Sigh. Dude, the ship has sailed on this one. C programmers have been writing OO code for decades. Just do some googling, read the book "OO in ANSI C", and stop being so contumaciously contrarian.
Doesn't seem like you know. So you have a structure that holds a pointer to a function. You have to set it to the correct function for each "object." (1st potential error)
Same as C++, just choose a named method table, in the same way as you would name an instance's class. This can be generated by an object factory or constructor function.
To use it you have to dereference a pointer.
Same as C++ for virtual functions. If the -> syntax offends you, it can easily be wrapped in a method that takes the object as a parameter.
No that isn't a method intrinsically tied to its object, it's just procedural programming. You have to manually pass the structure or a pointer. (2nd potential error)
Of course they're tied together, the method only operates on objects of that type (determined by the first parameter usually). In C++ this parameter is just in a different place.
You don't have inheritance so have to use containment instead. Quite cumbersome and counter intuitive to OOP.
Of course there is inheritance (just create a function table which is a copy of the old one and overwrite the methods you want to change, and ignore the the methods you want to inherent). You don't need object containment either, a simple set of macros containing attribute lists will allow you to define inheritance in much the same way as C++.
You might as well use separate procedures. Oh and don't forget to update that function pointer if necessary. (3rd potential error) No you don't have an object, you have a structure.
Update function pointer? Why would that be necessary - only the table pointer needs to be set per object, same as C++.
Yes that is the point of OOP. It's behind the scenes so most associations happen automatically exposing you to less errors. It's object oriented because you're thinking of objects and not data structures that have to be procedurally manipulated.

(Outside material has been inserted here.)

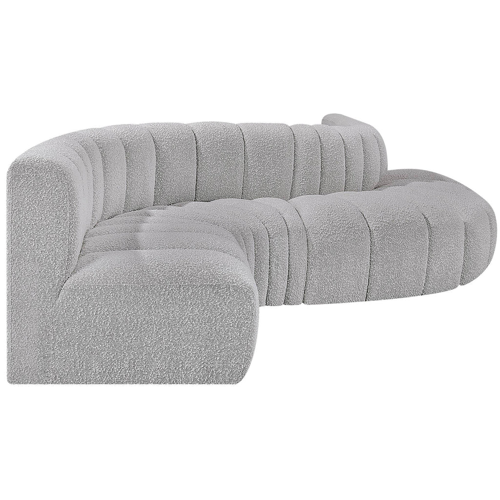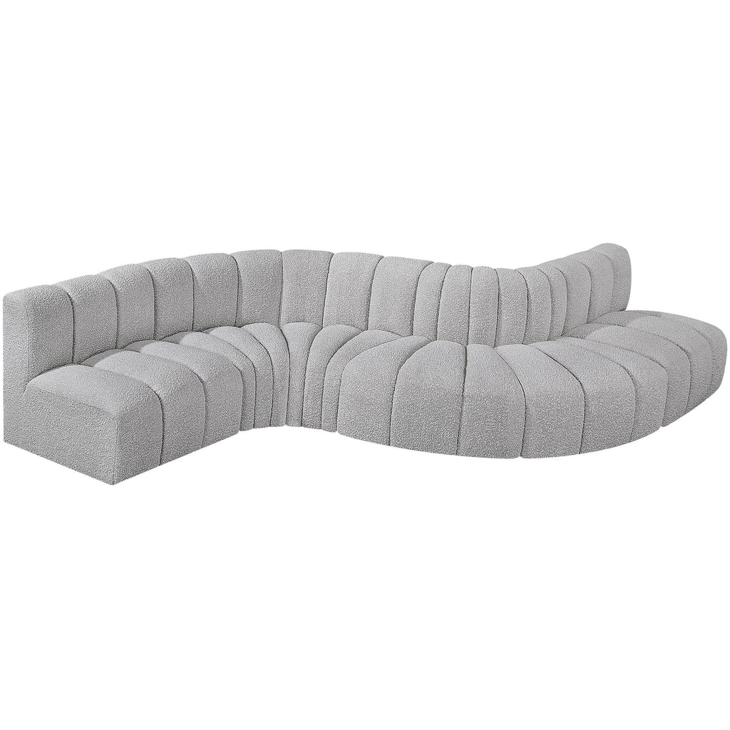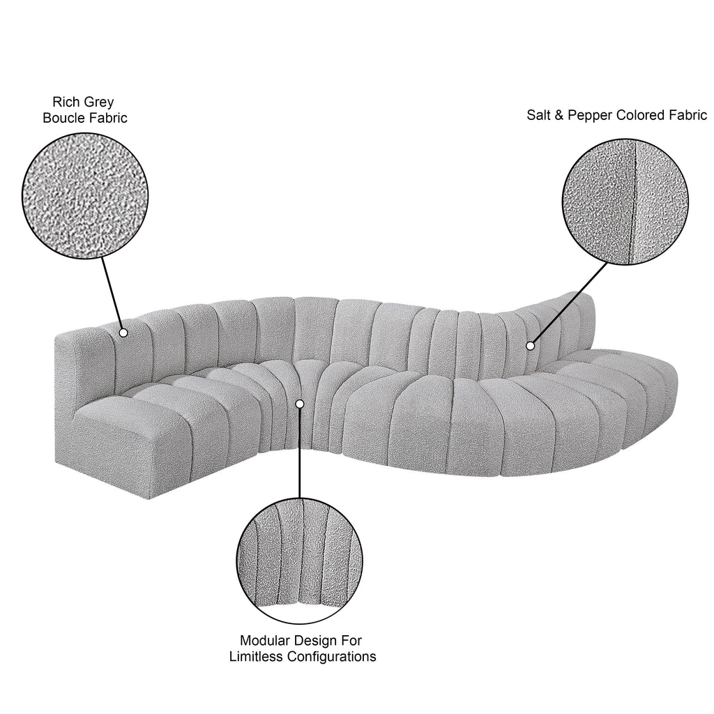 Meridian Arc 161" Grey Boucle Fabric Upholstered 10 pc Modular Sectional

No, that is the point of C++/Java/C#/etc. OOP is a paradigm - being "behind the scenes" has nothing to do with using the paradigm - you can shout that this isn't so from the rooftops all you want, but the world disagrees with you. I've worked in several OO C code bases before, and there is no conceptual difference to the model, and from the caller/API user's perspective, the syntax is actually pretty damn clean. No, overall I don't think C's OO syntax is particularly awesome, but fortunately I know the difference between syntax and semantics.